As the performance of computers increases, theoretical methods continue to improve the prediction and rationalization, not only of gas-phase molecular structures, but also of molecular dynamics and chemical kinetics of complex systems. With our newly-designed supercomputer cluster we are now poised to explore ultrafast non-equilibrium dynamics of complex energy landscapes pertinent to physical, chemical, and biological processes. The structure interconversions which involve multiple degrees of freedom, such as conformational changes in biological macromolecules, can now be modeled (see abstracts below), and the ensemble convergence can be achieved at increasingly longer time scales.
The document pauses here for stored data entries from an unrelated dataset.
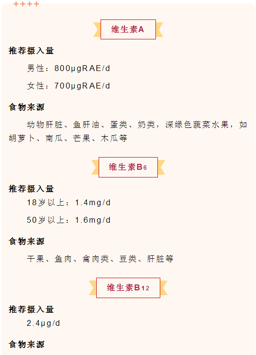 成人维生素推荐摄入量与食物来源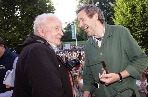 Actor Chris O'Dowd pictured with his father, Sean, when he returned to his native Boyle to officially open Boyle Arts Festival. Pic. Brian Farrell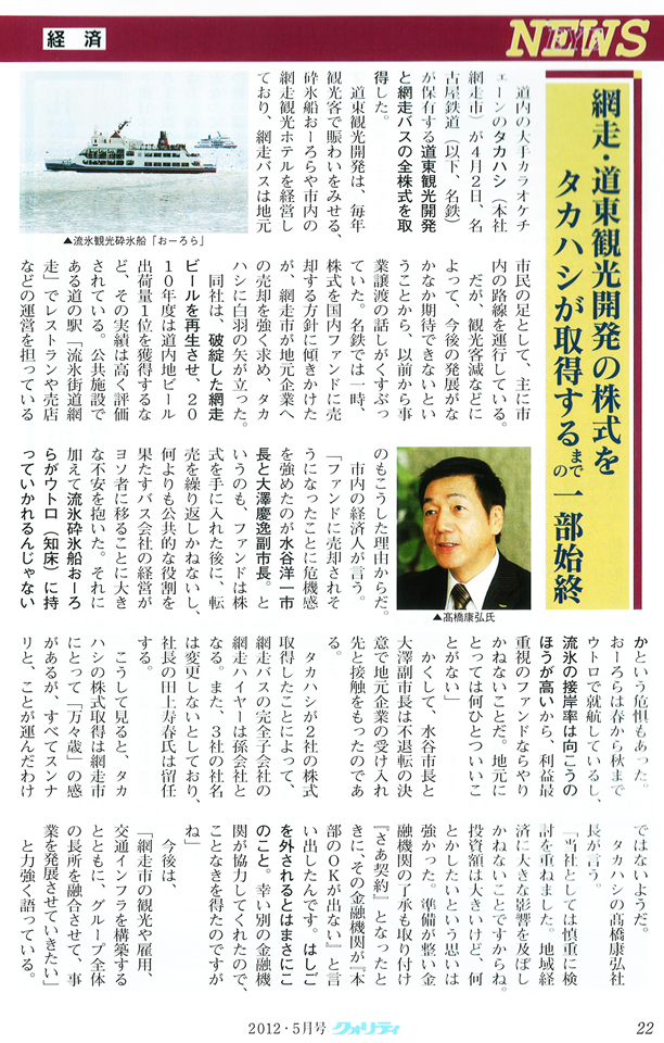 月刊クオリティ5月号に記事が掲載されました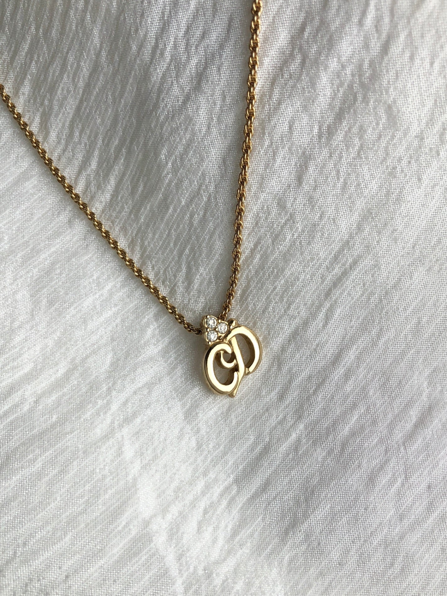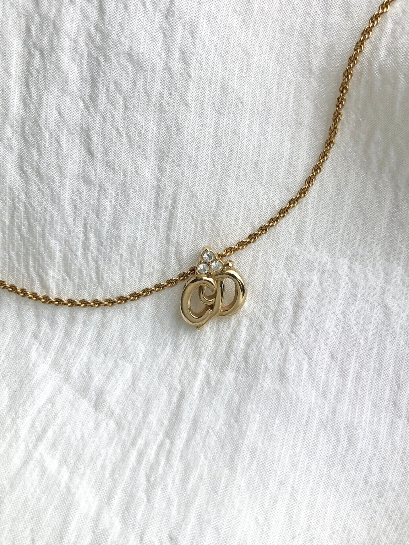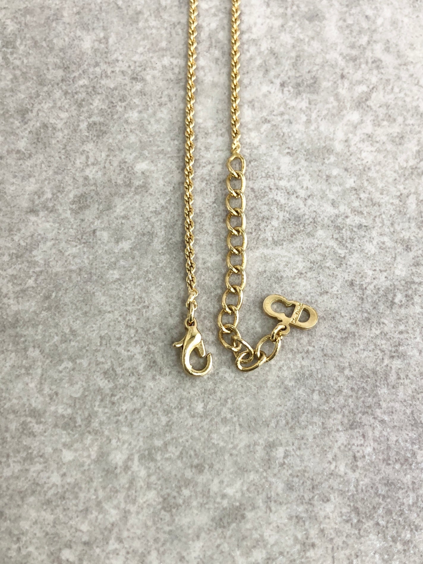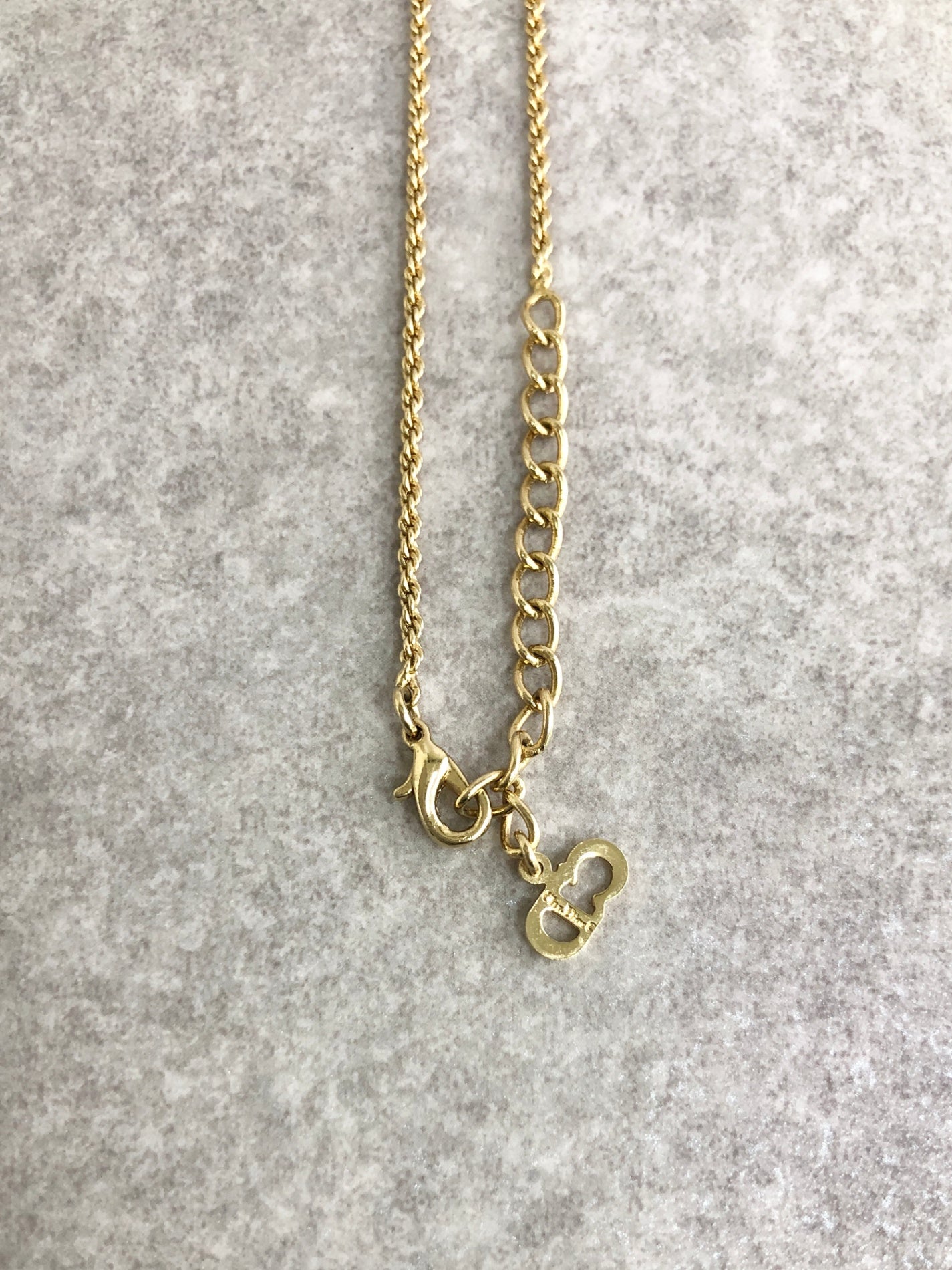 Christian Dior CD Logo Stone Necklace Gold Vintage y4muz6
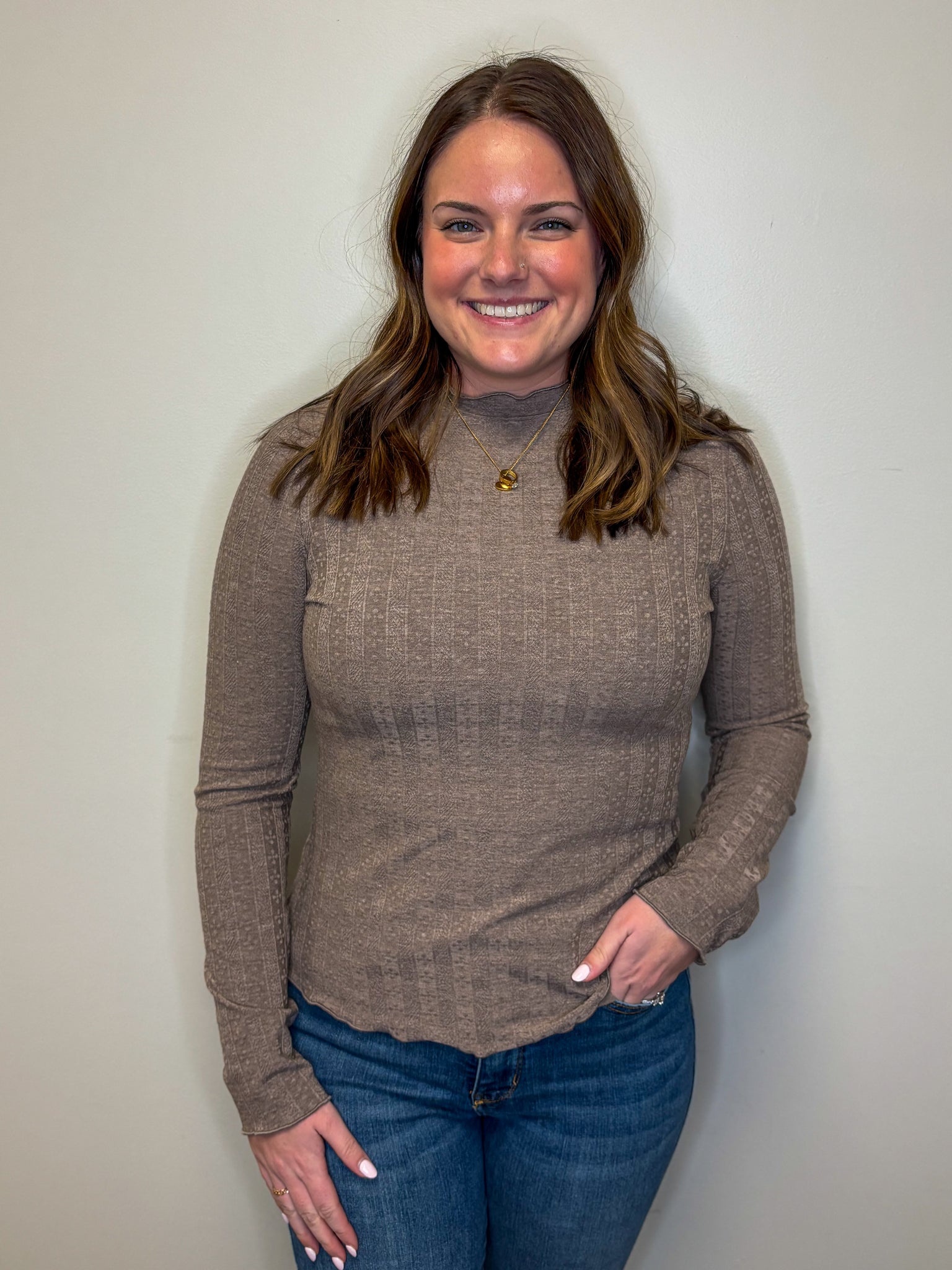 Elevate your wardrobe with the As You Call It Top, a sophisticated long-sleeve piece featuring a distinctive scalloped mock neck. Available in versatile black or warm bean hues, this top offers a refined silhouette ideal for layering or wearing alone. Its sleek design combines comfort with subtle elegance, making it perfect for both professional settings and casual outings.

Beowulf supercomputer cluster at our laboratory currently features 32 dual quad-core E5345 Intel Xeon compute nodes (Dell Power Edge 1950/2950), 12 GB RAM/node, ~20 TB of network-attached disk storage, an LTO-3 tape library for easy backups, and a 1 GigE interconnection mesh [PPS handout]. Linux-based software structure of the cluster provides an efficient control of system resources which facilitates both distributed and parallel calculations. System health and functionality are maintained and constantly monitored by HPC crew of Caltech's IMSS. Hardware framework of the cluster can be easily expanded to accommodate up to four 42U racks fully loaded with computer equipment.